**INFORMATION:**
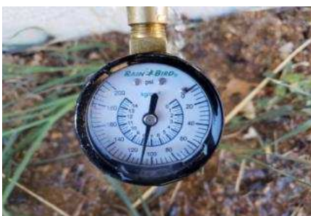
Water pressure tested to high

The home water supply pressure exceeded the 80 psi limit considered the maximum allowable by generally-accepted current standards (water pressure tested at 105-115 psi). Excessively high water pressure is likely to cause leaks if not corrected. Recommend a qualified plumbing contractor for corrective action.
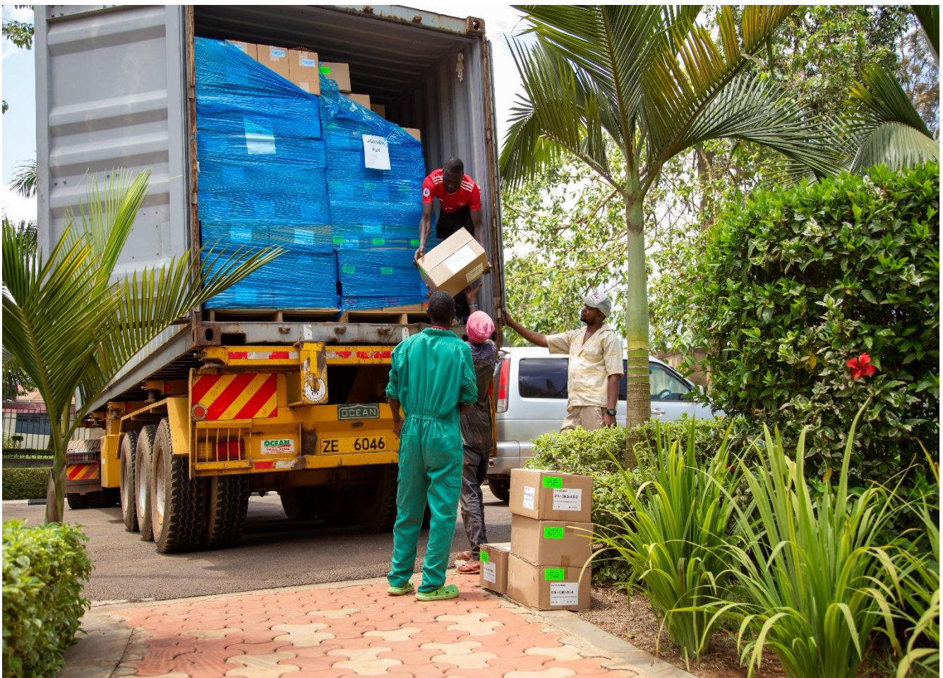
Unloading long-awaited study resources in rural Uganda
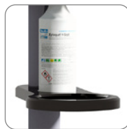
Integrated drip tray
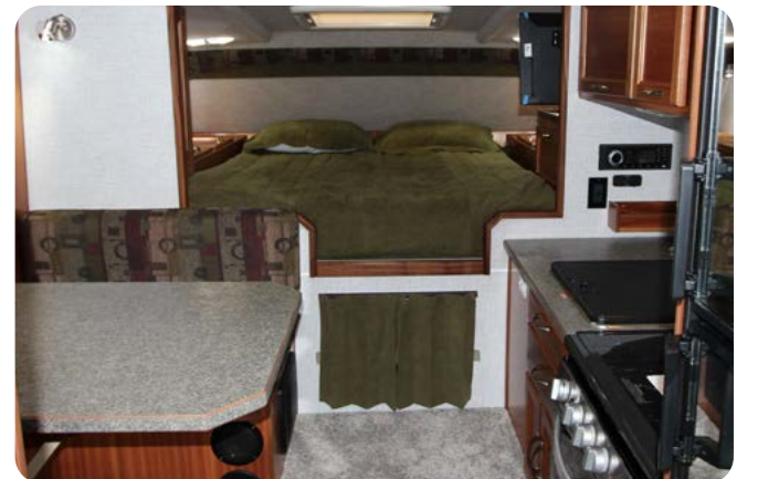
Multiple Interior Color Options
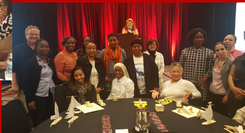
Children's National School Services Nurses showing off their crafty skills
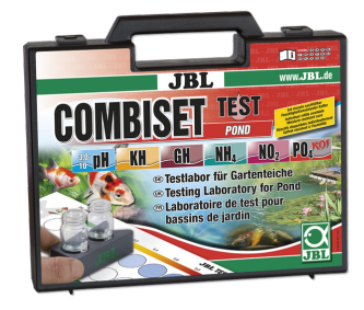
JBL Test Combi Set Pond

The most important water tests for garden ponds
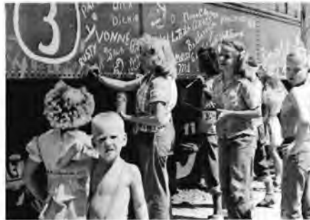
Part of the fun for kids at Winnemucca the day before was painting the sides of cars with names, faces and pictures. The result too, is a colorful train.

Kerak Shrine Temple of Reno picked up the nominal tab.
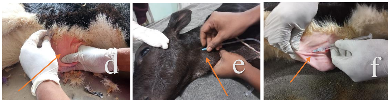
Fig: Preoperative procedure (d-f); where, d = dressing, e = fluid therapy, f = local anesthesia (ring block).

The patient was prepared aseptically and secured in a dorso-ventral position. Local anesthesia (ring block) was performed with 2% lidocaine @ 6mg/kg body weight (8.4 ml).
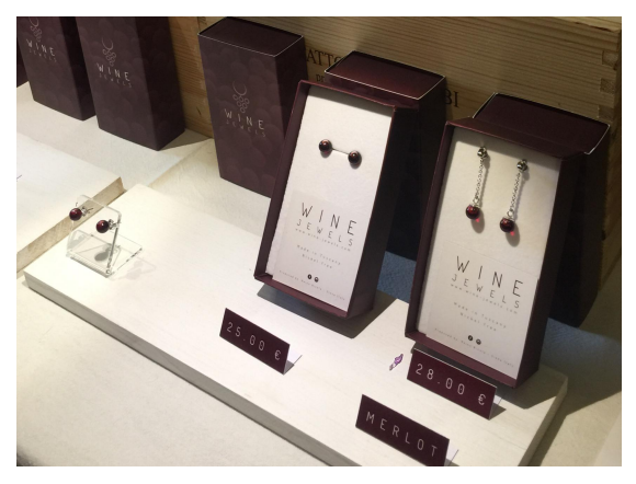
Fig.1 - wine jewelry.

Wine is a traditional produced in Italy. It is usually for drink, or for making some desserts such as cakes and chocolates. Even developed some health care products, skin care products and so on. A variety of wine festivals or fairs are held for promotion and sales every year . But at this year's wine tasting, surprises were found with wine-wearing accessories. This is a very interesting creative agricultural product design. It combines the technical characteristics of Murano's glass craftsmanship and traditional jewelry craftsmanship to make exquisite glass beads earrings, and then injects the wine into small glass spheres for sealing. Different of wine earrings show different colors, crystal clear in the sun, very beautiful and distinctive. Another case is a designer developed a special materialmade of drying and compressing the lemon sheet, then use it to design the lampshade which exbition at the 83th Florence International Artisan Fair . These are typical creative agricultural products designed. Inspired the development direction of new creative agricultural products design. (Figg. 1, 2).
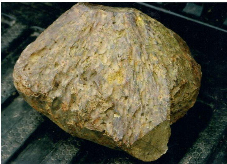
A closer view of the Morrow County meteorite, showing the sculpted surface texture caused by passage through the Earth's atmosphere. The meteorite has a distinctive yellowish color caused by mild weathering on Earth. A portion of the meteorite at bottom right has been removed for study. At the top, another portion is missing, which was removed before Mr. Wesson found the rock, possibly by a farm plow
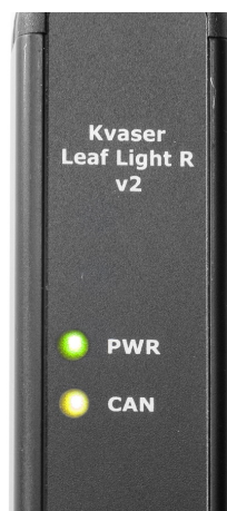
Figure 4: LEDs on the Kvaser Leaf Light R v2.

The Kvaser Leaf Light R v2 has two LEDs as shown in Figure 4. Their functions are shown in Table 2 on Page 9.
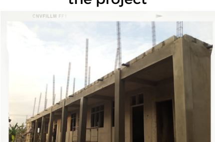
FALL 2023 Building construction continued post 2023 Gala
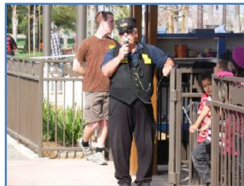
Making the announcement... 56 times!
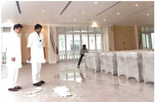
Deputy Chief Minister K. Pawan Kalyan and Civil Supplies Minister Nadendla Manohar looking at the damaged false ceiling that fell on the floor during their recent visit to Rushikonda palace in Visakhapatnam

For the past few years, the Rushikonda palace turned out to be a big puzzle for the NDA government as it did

**WHAT THE TASK REQUIRES:** Would you show every line in the data above that contains the string "Rushikonda"?

**ANSWER SPACE:**
Deputy Chief Minister K. Pawan Kalyan and Civil Supplies Minister Nadendla Manohar looking at the damaged false ceiling that fell on the floor during their recent visit to Rushikonda palace in Visakhapatnam
For the past few years, the Rushikonda palace turned out to be a big puzzle for the NDA government as it did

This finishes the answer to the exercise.